I’ve had a lot of thoughts and emotions toiling within me lately. The boys and I are headed home soon and it is a very welcome break. Doha can become so stagnant and lifeless after awhile. There are just some things that are unshakable within our lives and for me, those are the Appalachian mountains. Nothing, absolutely nothing in the world feels more like home to me than seeing that mountain range, walking through it’s forrest and breathing the crisp clean air filled with the scent of pine and dirt. It gives me so much joy to watch my kids trying to creep up on a deer or spending hours skipping rocks in the river.

I find myself yearning for greener pastures, to leave Doha behind and to feel like I can sink my roots into fertile soil. I long to say “we’re home” and it mean the location that we truly call home and actually make it so.  I am growing weary of being the “Global Nomads.”

If only life were that easy. We would be trading one set of trouble for another and I guess in the long run it all comes down to priorities and I suppose reality as well.
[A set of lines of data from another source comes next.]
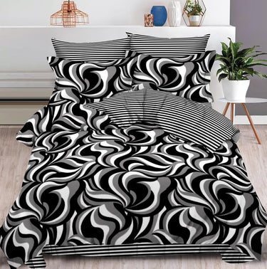 Lenjerie Bumbac Finet cu Elastic 6 Piese,Linii,Alb-Negru,T94
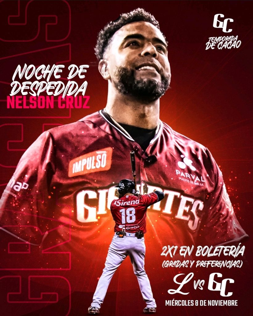 El encuentro del miércoles 8 de noviembre en el estadio Julián Javier será oficialmente el último en la carrera del gran Nelson Cruz, uno de los más importantes peloteros en la franquicia y de la liga dominicana.
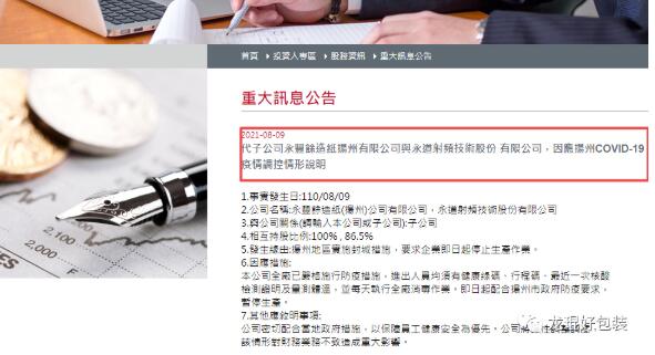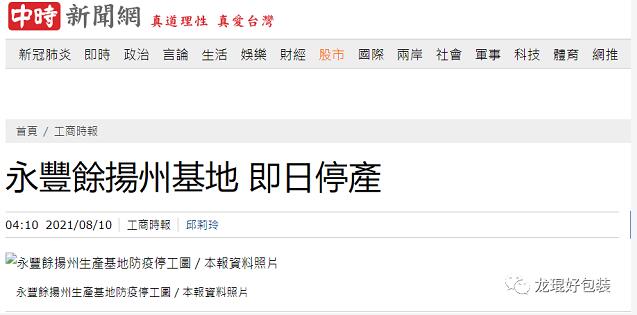 近期,由于江蘇揚州疫情升溫,當地有包裝企業反映,公司已處于半停產狀態。8月9日,永豐余投資控股有限公司(以下簡稱:永豐余)也發布公告稱,其位于揚州的兩家子公司——永豐余造紙(揚州)有限公司與永道射頻技術股份有限公司為配合疫情防控要求,即日起停止生產。

We have to make ends meet, and we have four kids to put through college. This job is what makes that happen. Some days, I just want to say “screw it” and be done here, I know Ross often thinks the same. I guess it’s a good thing he keeps me somewhat grounded to this world. Otherwise I’d probably float away on dreams and ideas and whimsical fancies.

Heaven When We’re Home: By the Wailin’ Jenny’s

I have really enjoyed this group, the Wailin’ Jenny’s. I’ve posted about a few of their songs before. I’ll type the lyrics below, but it has become my theme song over the last few months. You can listen to the song by clicking on the link above. I guess the things for me is that I may feel restless and unsettled and uncertain of life at times, but it is comforting to remind myself that all of these things are what makes me who I am. At some point, we’ll “find what we’re looking for. Then we’ll drop these bags and search no more, because it’s gonna to feel like heaven when we’re home”.

“Heaven When We’re Home”

Don’t know what time it is, I’ve been up for way too long
and I’m too tired to sleep.
I call my mother on the phone, she wasn’t home,
and now I’m wondering the street.
I’ve been a fool, I’ve been cruel to myself.
I’ve been hanging onto nothing
when nothing could be worse than hanging on
And something tells me there must be
something better than all this.

I’ve fallen many times in love and every time
it’s been with the wrong man.
Still I’m out there living one day at a time
and doing the best I can.
Cuz we’ve all made mistakes
that seem to lead us astray.
But every time they helped to get us where we are today
And that’s as a good a place as any
and it’s probably where we’re best off anyway.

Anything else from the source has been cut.